Work task: Take the material below and extract the lines from the one with "2017年,包括笔者在内的一" through the one with "Tiny black 5x15mm", word for word, without pictures.

Data records:
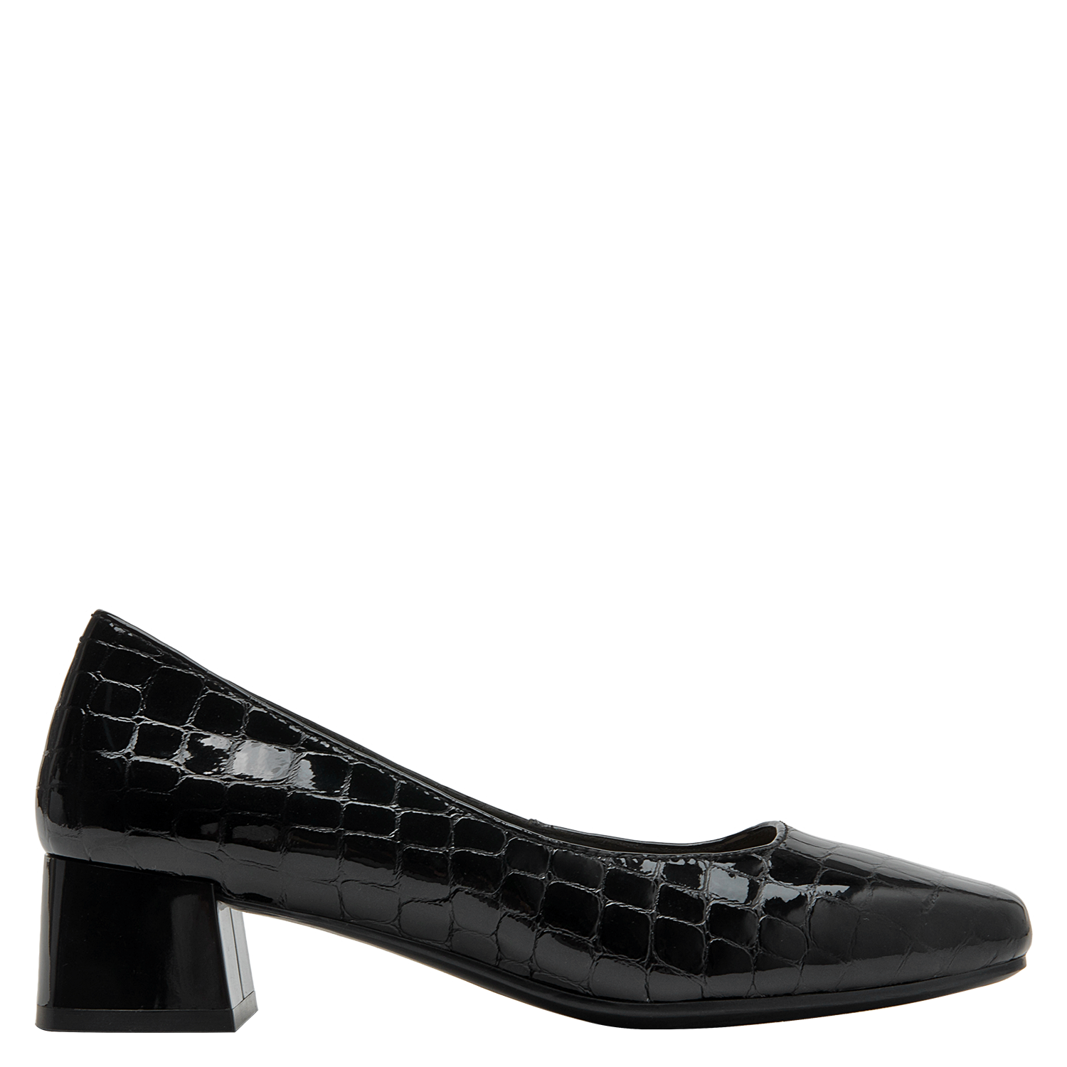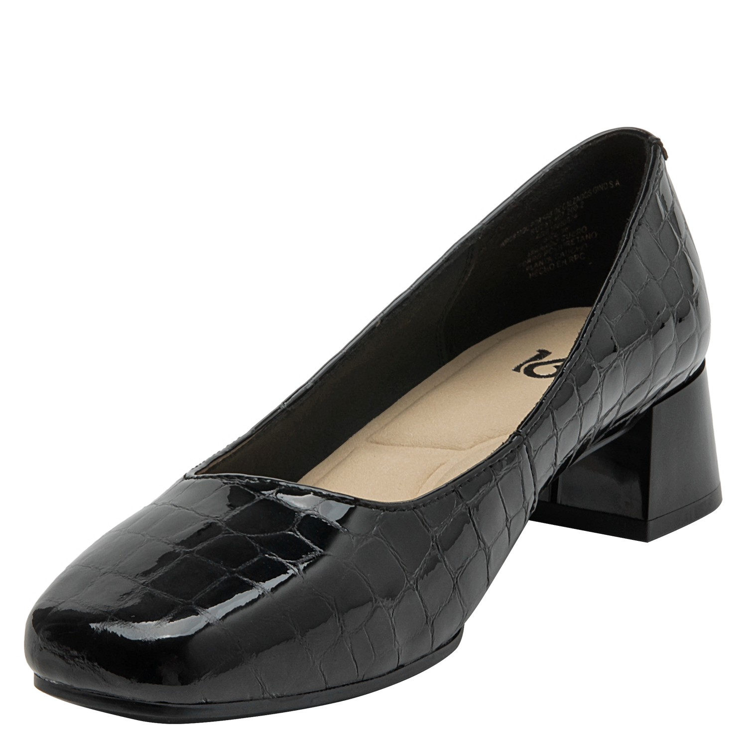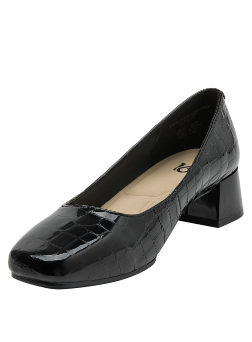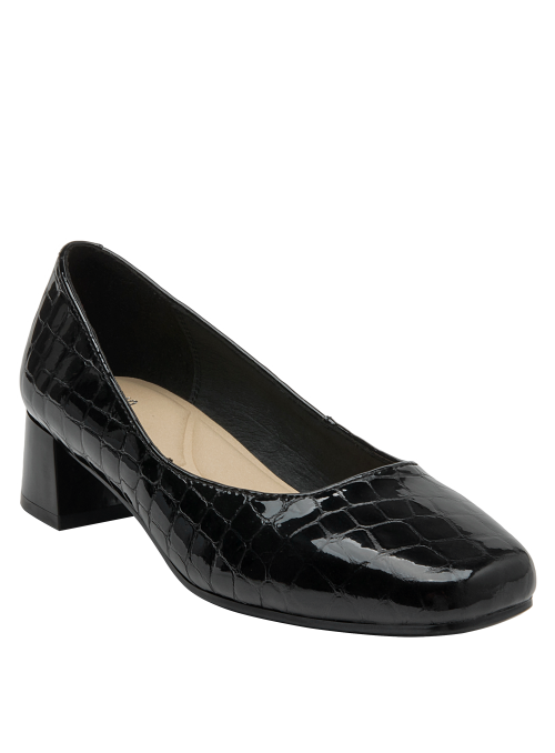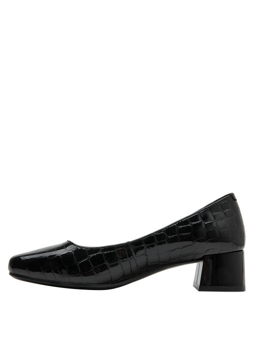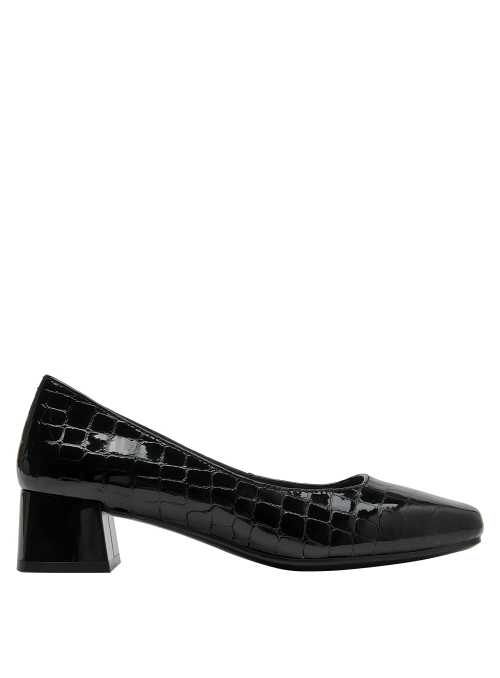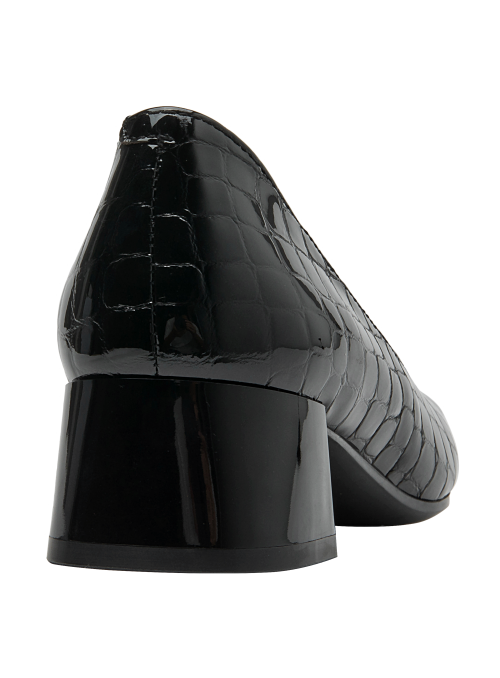 Zapato de cuero negro con diseño clásico y tacón bajo, perfecto para oficina. Calzado elegante de mujer en charol negro, versátil para ocasiones formales. Calzado femenino formal en charol negro, ideal para eventos corporativos. Diseño formal y elegante en cuero negro con patrón de cocodrilo. Zapato de mujer negro de cuero charol con textura de reptil y tacón cuadrado.
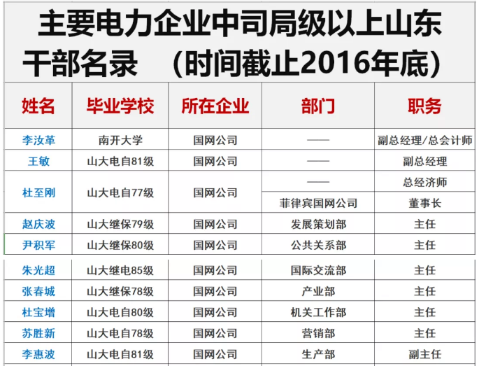 2017年,包括笔者在内的一些媒体同行曾收到了一份电力领域山东籍企业高管的统计表格,整体而言,可以从以下几个方面进行观察(至今不少人员职位已经发生变动,甚至有有人“落马”):
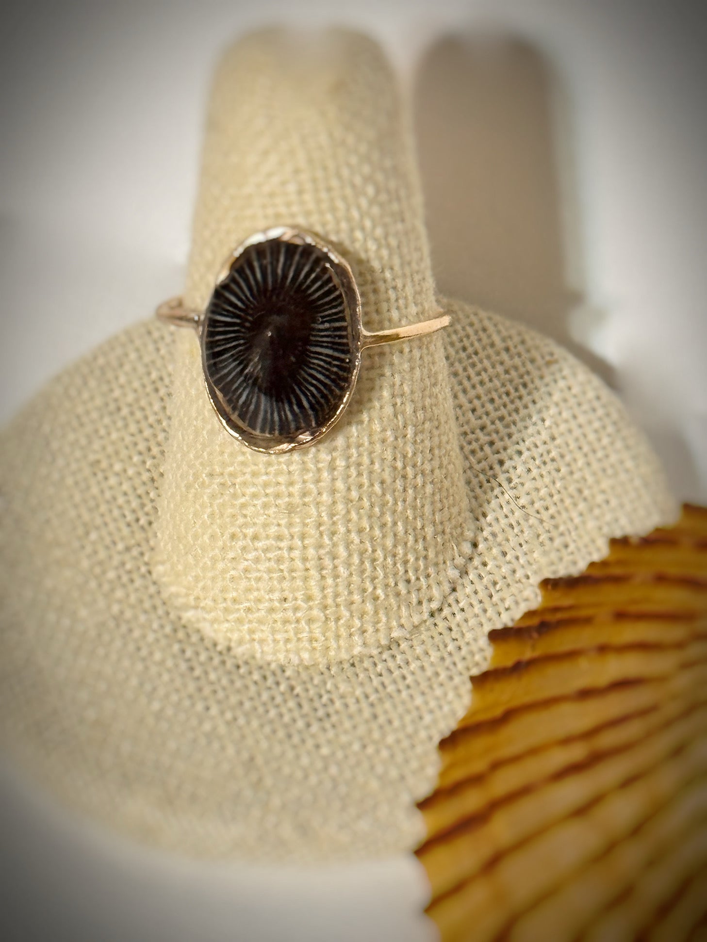 Tiny black 5x15mm shell ‘opihi gold ring size 8 1/4
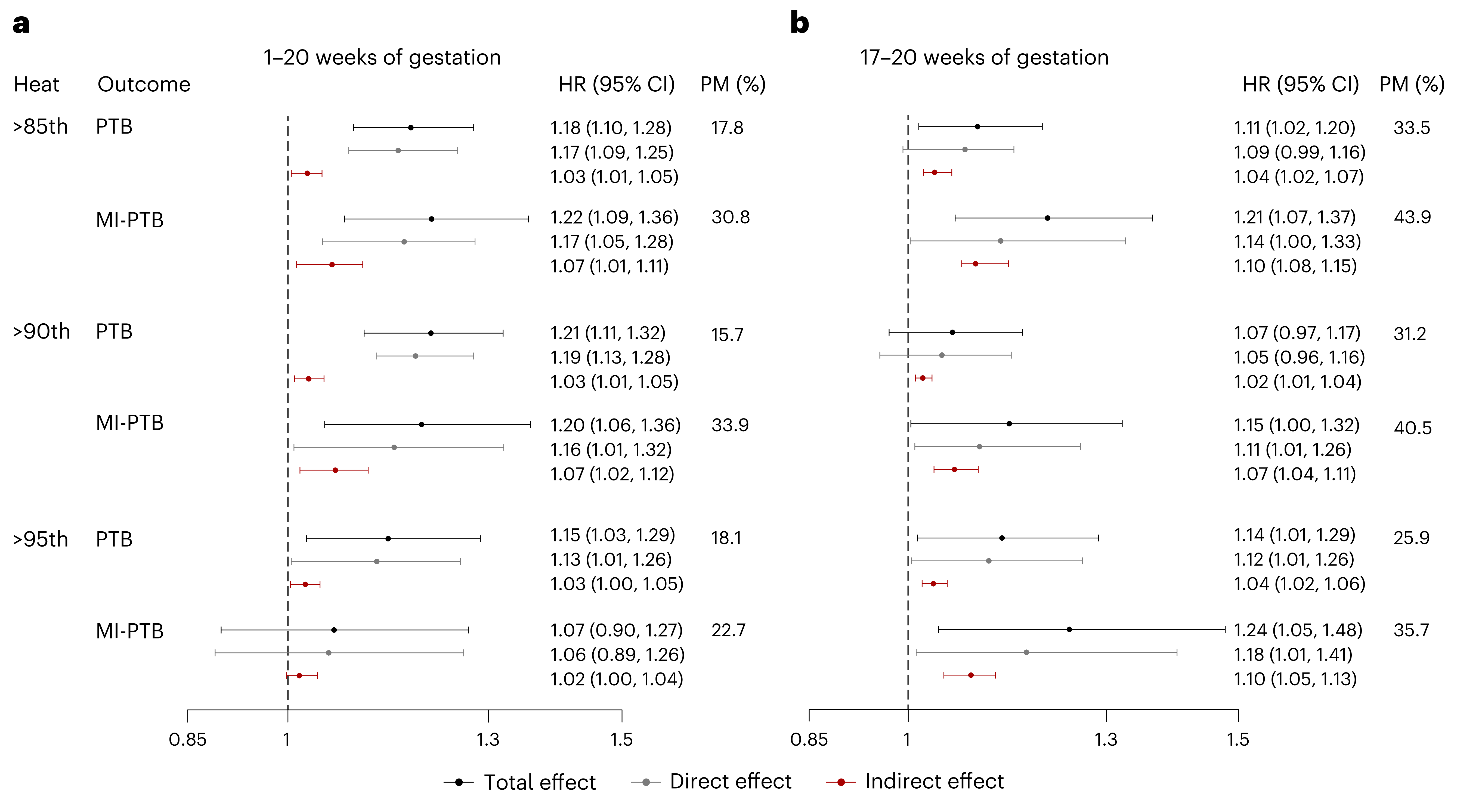 该研究首先发现孕妇妊娠1-20周的热暴露与不同临床类型早产的发生存在显著关联,其中对于治疗性早产的危险效应更大。高温暴露还会增加产妇高血压的风险,且危险效应随着妊娠的进程总体呈上升趋势。而对于血压轨迹的分析发现,与收缩压稳定的孕妇相比,妊娠1-20周的热暴露会导致妊娠中晚期收缩压轨迹快速上升的风险增加。此外。母体孕期的血压异常可能会导致不良妊娠结局,但其在高温暴露引发早产风险的过程中起到多大作用尚不可知。该研究进一步开展了中介效应分析,以揭示孕期高温暴露是否通过产妇高血压影响了不同类型的早产风险。结果发现,妊娠1-20周暴露于不同强度阈值的高温时,产妇高血压介导了23%~34%的治疗性早产发生风险(图1)。
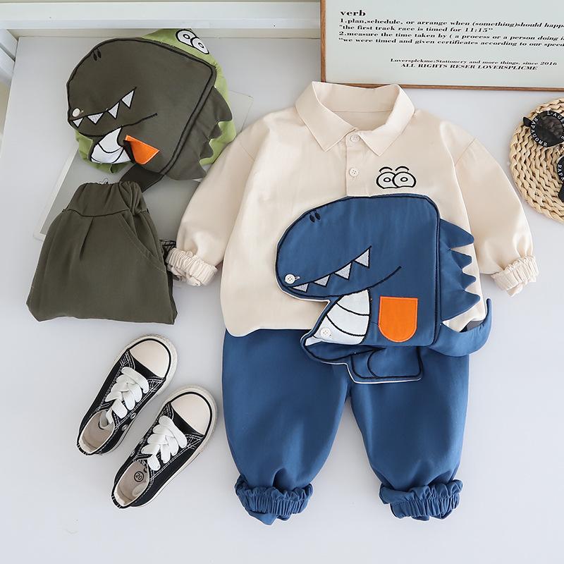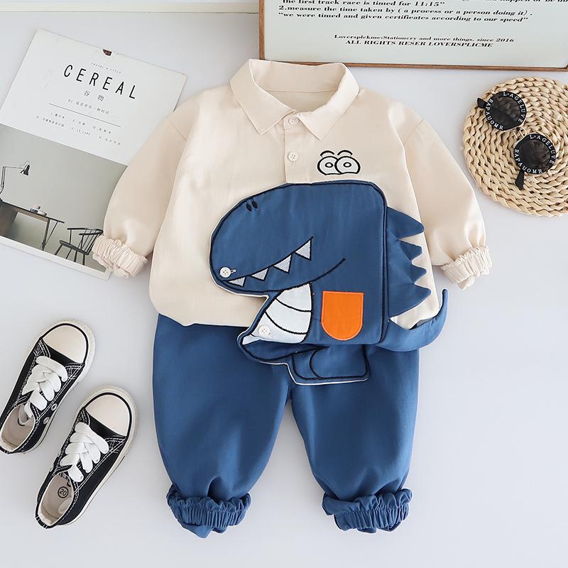 Ropa para Niños Yihao Ropa para Niños Traje de Otoño Camisa Linda 2024 Nuevo Dinosaurio de Manga Larga Dos Piezas Ropa para Bebé

Completed task:
 2017年,包括笔者在内的一些媒体同行曾收到了一份电力领域山东籍企业高管的统计表格,整体而言,可以从以下几个方面进行观察(至今不少人员职位已经发生变动,甚至有有人“落马”):
 Tiny black 5x15mm shell ‘opihi gold ring size 8 1/4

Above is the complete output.